━━━ Material shown

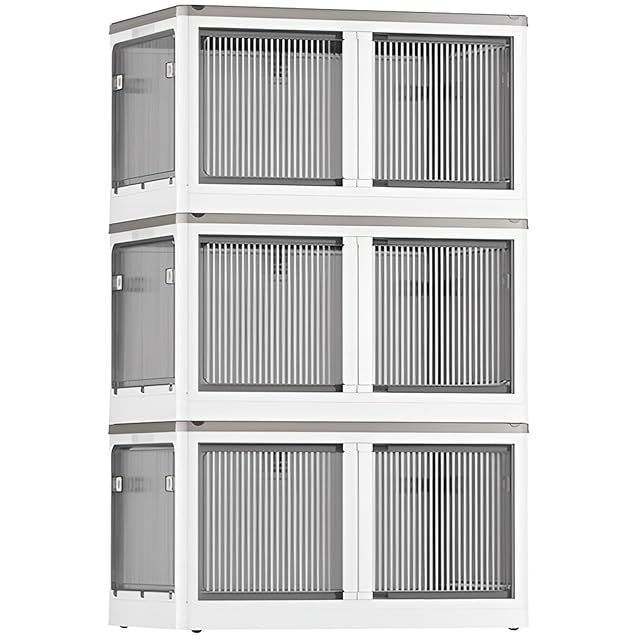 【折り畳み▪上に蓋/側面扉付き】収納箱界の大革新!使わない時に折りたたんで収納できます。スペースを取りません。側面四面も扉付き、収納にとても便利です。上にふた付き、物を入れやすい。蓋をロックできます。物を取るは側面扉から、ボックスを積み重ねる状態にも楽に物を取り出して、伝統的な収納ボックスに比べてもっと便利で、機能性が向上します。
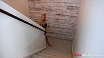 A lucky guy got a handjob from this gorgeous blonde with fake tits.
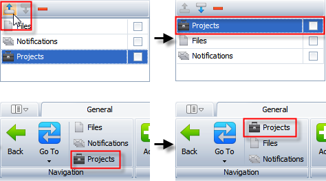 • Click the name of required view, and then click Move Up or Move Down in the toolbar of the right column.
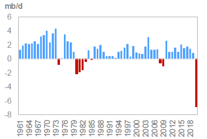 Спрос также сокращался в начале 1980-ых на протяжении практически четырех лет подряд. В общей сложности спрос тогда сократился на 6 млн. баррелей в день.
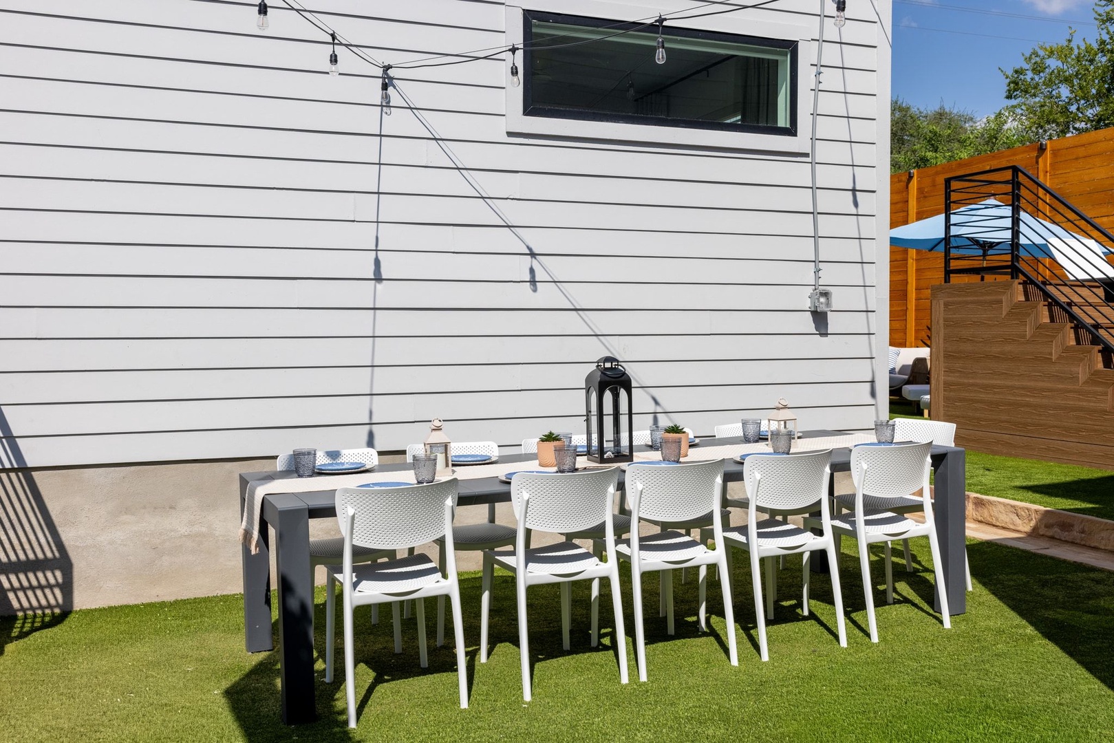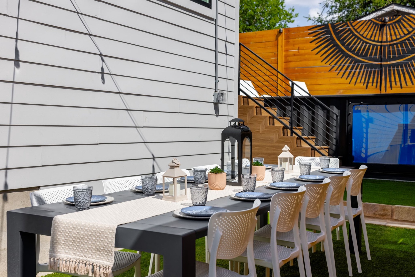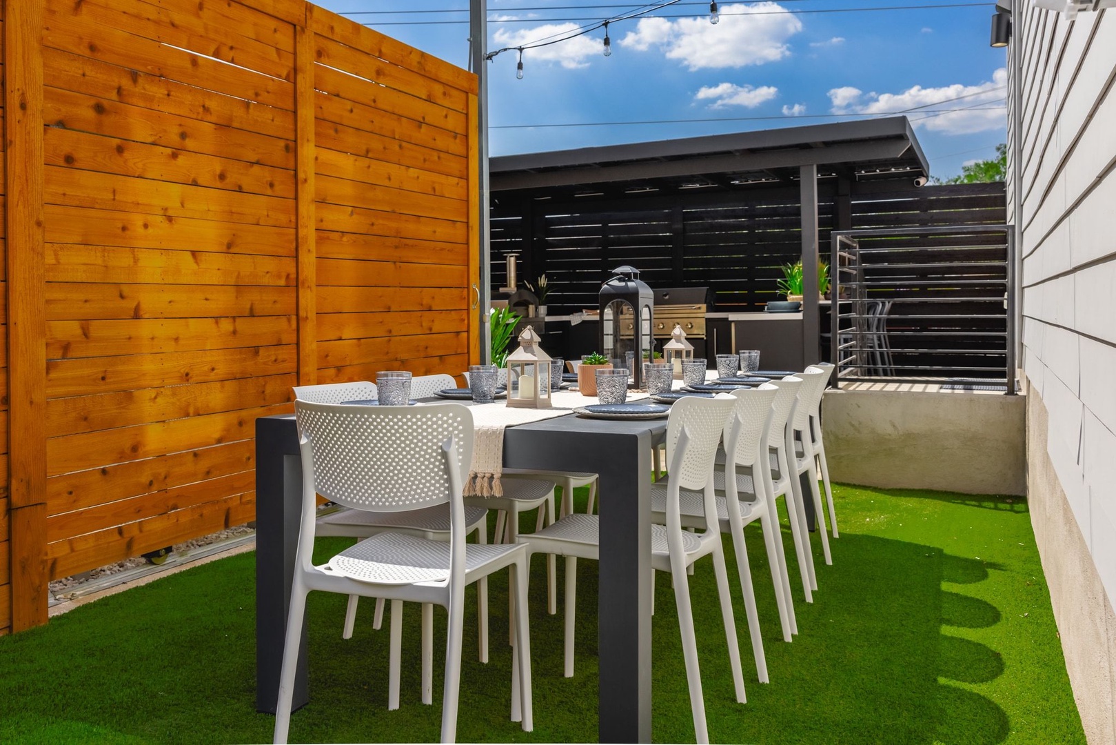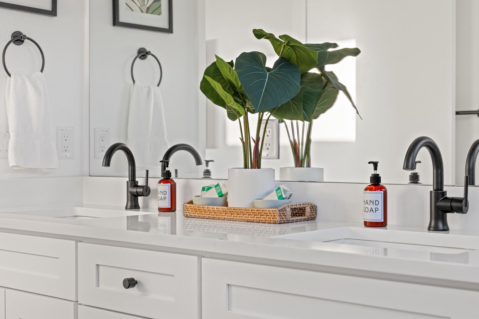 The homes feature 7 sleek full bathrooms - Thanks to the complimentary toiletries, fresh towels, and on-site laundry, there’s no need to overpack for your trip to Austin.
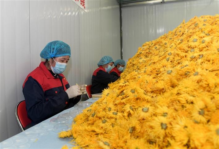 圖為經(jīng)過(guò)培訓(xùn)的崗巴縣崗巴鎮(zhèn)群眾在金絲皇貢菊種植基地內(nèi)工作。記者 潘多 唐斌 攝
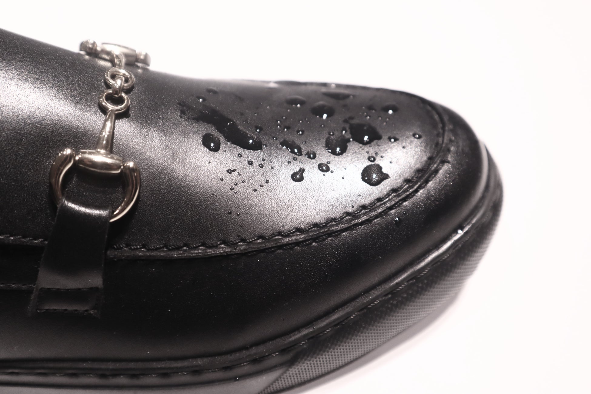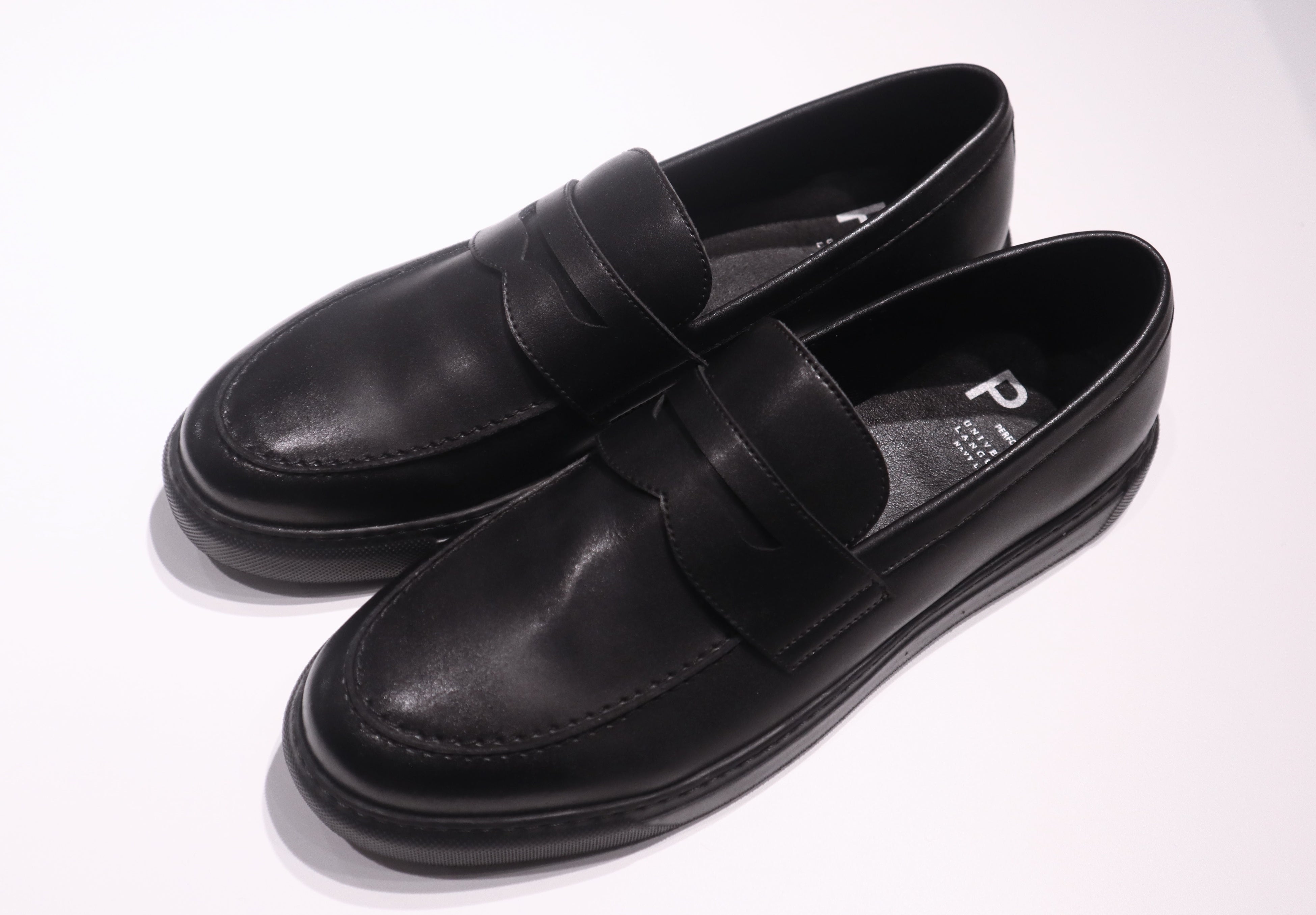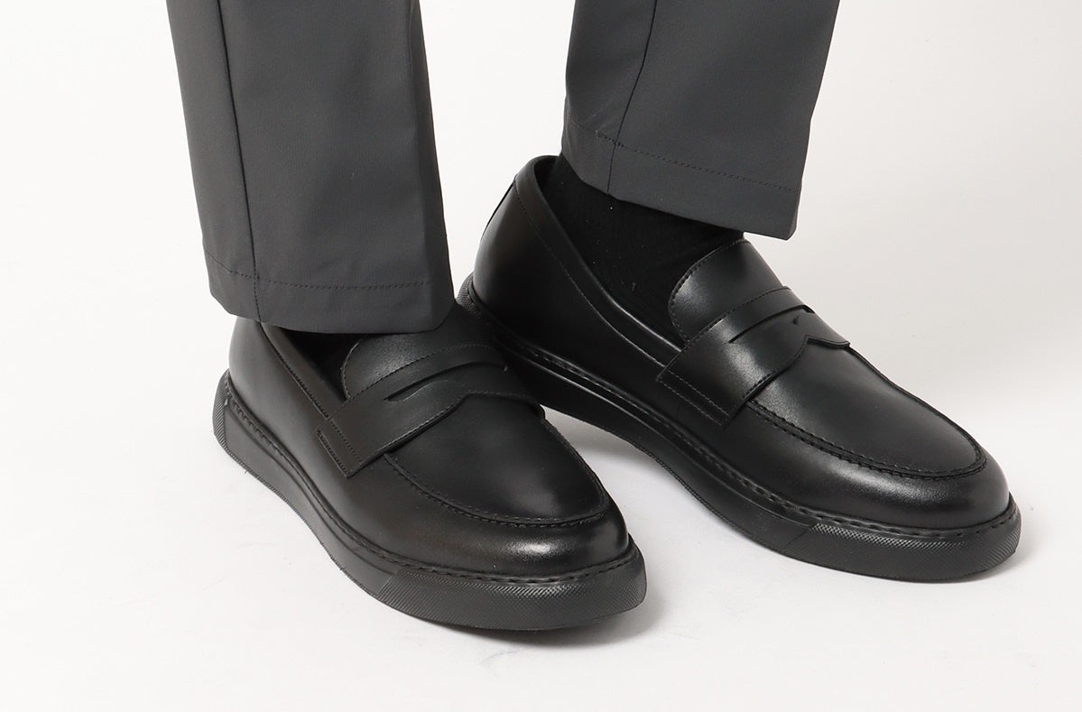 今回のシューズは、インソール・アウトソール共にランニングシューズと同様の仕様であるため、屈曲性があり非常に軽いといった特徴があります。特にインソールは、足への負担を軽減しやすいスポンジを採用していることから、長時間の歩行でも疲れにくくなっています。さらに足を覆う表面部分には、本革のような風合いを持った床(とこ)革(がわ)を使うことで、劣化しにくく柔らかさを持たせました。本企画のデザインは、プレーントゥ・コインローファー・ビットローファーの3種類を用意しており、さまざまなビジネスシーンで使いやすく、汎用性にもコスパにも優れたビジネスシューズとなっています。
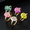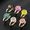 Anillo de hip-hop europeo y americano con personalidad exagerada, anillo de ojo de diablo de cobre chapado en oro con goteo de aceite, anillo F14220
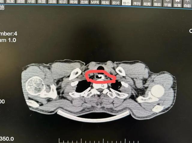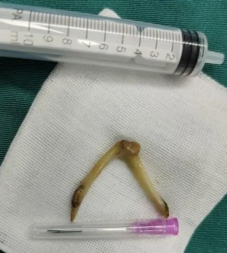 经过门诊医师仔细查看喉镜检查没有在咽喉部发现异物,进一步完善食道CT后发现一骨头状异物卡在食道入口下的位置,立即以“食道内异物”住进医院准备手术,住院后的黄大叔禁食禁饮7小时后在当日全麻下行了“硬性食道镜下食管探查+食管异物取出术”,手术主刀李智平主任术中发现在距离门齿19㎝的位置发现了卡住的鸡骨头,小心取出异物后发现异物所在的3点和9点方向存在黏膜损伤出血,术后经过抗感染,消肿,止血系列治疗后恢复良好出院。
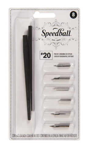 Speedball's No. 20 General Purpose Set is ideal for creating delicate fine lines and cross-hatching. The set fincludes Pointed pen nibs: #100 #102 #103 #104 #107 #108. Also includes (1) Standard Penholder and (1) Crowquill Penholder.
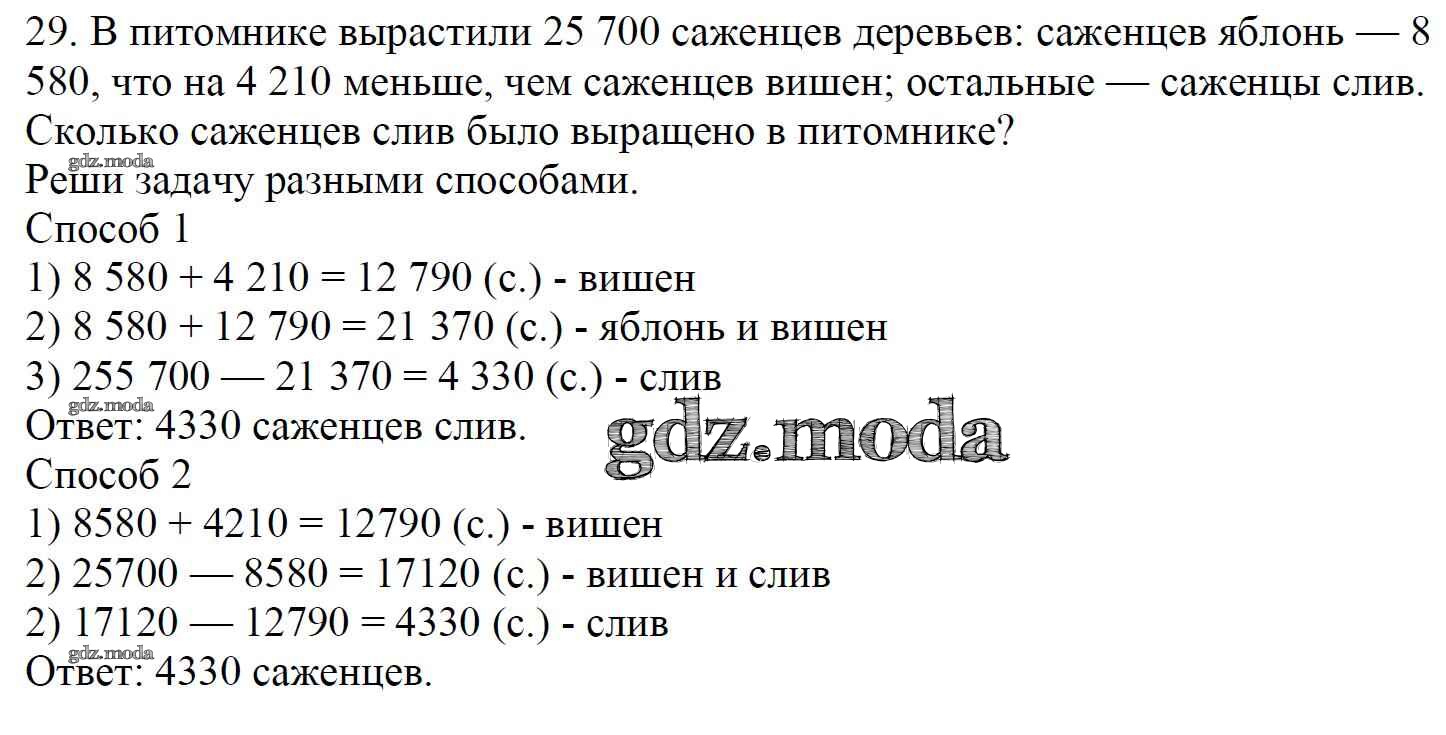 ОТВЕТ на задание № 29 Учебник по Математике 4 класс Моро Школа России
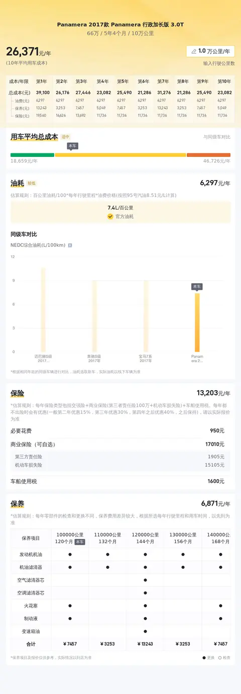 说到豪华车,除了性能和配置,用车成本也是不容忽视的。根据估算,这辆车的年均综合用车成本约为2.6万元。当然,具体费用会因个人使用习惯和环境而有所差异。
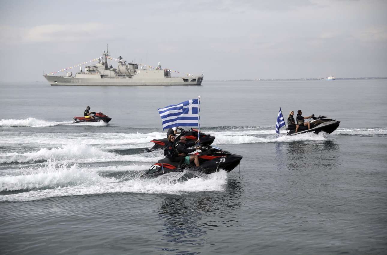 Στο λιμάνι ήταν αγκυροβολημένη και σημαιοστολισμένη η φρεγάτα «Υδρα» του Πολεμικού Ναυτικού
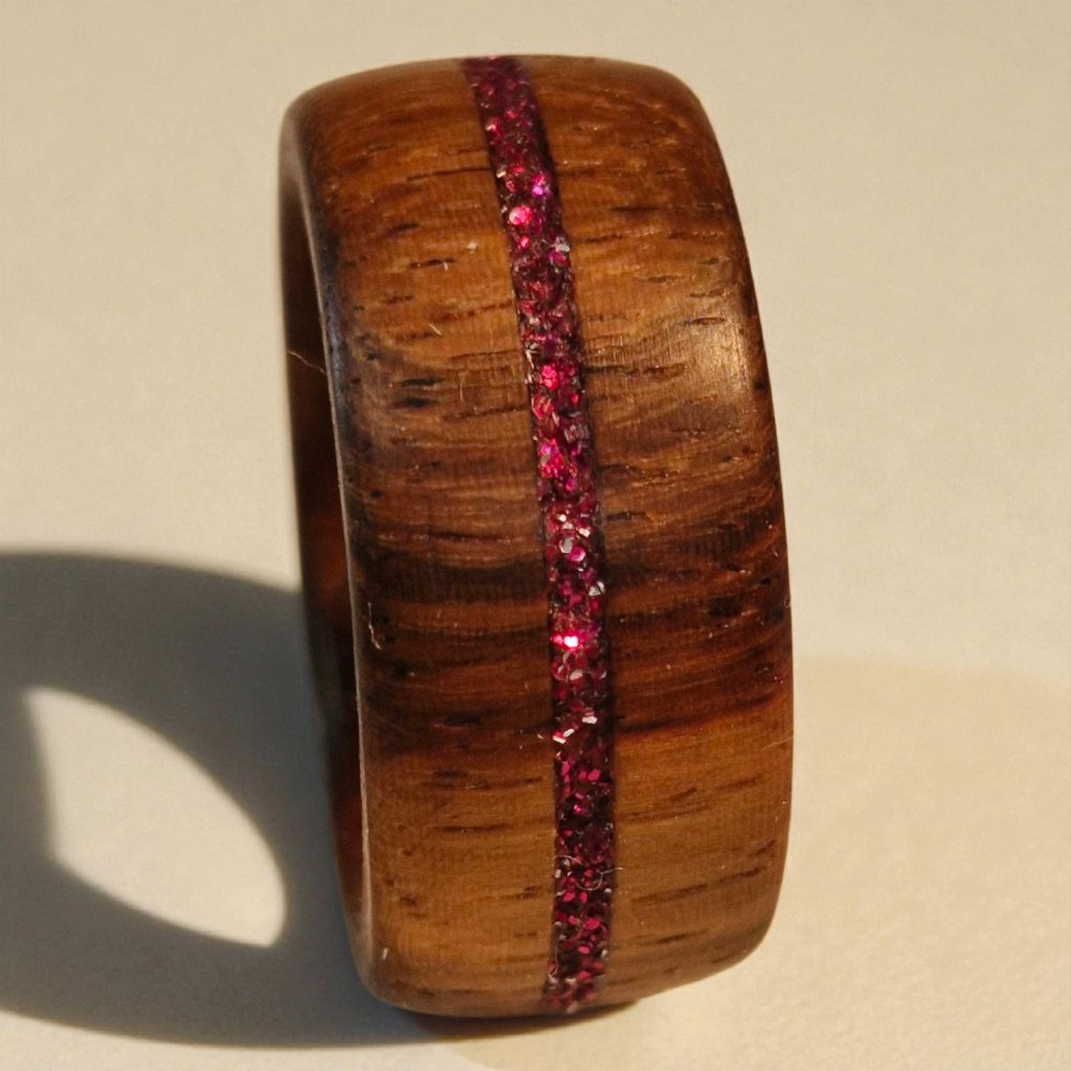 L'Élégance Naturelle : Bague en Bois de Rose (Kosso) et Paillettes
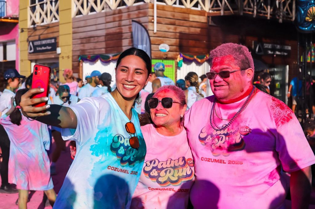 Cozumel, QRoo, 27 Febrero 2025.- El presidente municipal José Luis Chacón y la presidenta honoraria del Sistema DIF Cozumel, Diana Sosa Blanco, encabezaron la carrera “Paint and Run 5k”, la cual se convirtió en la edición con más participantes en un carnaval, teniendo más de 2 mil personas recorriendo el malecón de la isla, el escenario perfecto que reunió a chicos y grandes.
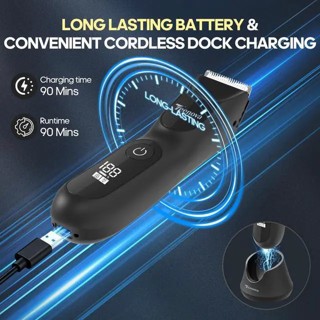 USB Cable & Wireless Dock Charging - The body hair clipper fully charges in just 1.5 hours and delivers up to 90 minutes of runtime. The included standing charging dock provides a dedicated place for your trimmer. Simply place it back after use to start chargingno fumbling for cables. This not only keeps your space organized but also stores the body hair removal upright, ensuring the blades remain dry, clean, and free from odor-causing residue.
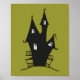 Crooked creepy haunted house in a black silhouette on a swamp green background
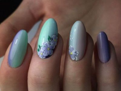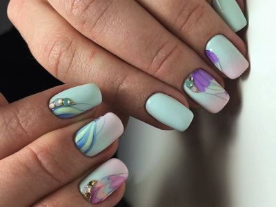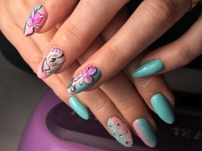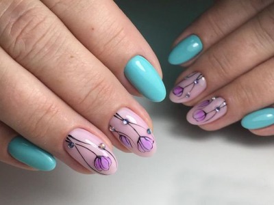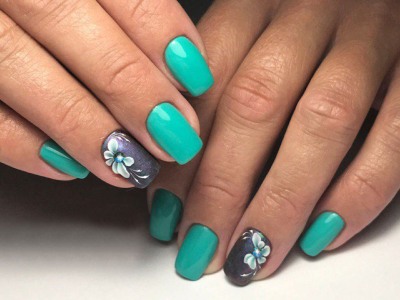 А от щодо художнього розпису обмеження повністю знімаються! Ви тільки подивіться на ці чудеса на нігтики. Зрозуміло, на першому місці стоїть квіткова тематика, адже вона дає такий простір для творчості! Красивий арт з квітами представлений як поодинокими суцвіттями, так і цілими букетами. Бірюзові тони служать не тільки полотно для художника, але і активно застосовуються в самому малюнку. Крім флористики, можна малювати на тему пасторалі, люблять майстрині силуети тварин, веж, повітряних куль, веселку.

━━━━━━

## Directions for this task
Please transcribe, word for word, every line from the first line of the records above through the line containing "说到豪华车,除了性能和配置,用车成本也是", and leave out any pictures.

## Reply
 【折り畳み▪上に蓋/側面扉付き】収納箱界の大革新!使わない時に折りたたんで収納できます。スペースを取りません。側面四面も扉付き、収納にとても便利です。上にふた付き、物を入れやすい。蓋をロックできます。物を取るは側面扉から、ボックスを積み重ねる状態にも楽に物を取り出して、伝統的な収納ボックスに比べてもっと便利で、機能性が向上します。
 A lucky guy got a handjob from this gorgeous blonde with fake tits.
 • Click the name of required view, and then click Move Up or Move Down in the toolbar of the right column.
 Спрос также сокращался в начале 1980-ых на протяжении практически четырех лет подряд. В общей сложности спрос тогда сократился на 6 млн. баррелей в день.
 The homes feature 7 sleek full bathrooms - Thanks to the complimentary toiletries, fresh towels, and on-site laundry, there’s no need to overpack for your trip to Austin.
 圖為經(jīng)過(guò)培訓(xùn)的崗巴縣崗巴鎮(zhèn)群眾在金絲皇貢菊種植基地內(nèi)工作。記者 潘多 唐斌 攝
 今回のシューズは、インソール・アウトソール共にランニングシューズと同様の仕様であるため、屈曲性があり非常に軽いといった特徴があります。特にインソールは、足への負担を軽減しやすいスポンジを採用していることから、長時間の歩行でも疲れにくくなっています。さらに足を覆う表面部分には、本革のような風合いを持った床(とこ)革(がわ)を使うことで、劣化しにくく柔らかさを持たせました。本企画のデザインは、プレーントゥ・コインローファー・ビットローファーの3種類を用意しており、さまざまなビジネスシーンで使いやすく、汎用性にもコスパにも優れたビジネスシューズとなっています。
 Anillo de hip-hop europeo y americano con personalidad exagerada, anillo de ojo de diablo de cobre chapado en oro con goteo de aceite, anillo F14220
 经过门诊医师仔细查看喉镜检查没有在咽喉部发现异物,进一步完善食道CT后发现一骨头状异物卡在食道入口下的位置,立即以“食道内异物”住进医院准备手术,住院后的黄大叔禁食禁饮7小时后在当日全麻下行了“硬性食道镜下食管探查+食管异物取出术”,手术主刀李智平主任术中发现在距离门齿19㎝的位置发现了卡住的鸡骨头,小心取出异物后发现异物所在的3点和9点方向存在黏膜损伤出血,术后经过抗感染,消肿,止血系列治疗后恢复良好出院。
 Speedball's No. 20 General Purpose Set is ideal for creating delicate fine lines and cross-hatching. The set fincludes Pointed pen nibs: #100 #102 #103 #104 #107 #108. Also includes (1) Standard Penholder and (1) Crowquill Penholder.
 ОТВЕТ на задание № 29 Учебник по Математике 4 класс Моро Школа России
 说到豪华车,除了性能和配置,用车成本也是不容忽视的。根据估算,这辆车的年均综合用车成本约为2.6万元。当然,具体费用会因个人使用习惯和环境而有所差异。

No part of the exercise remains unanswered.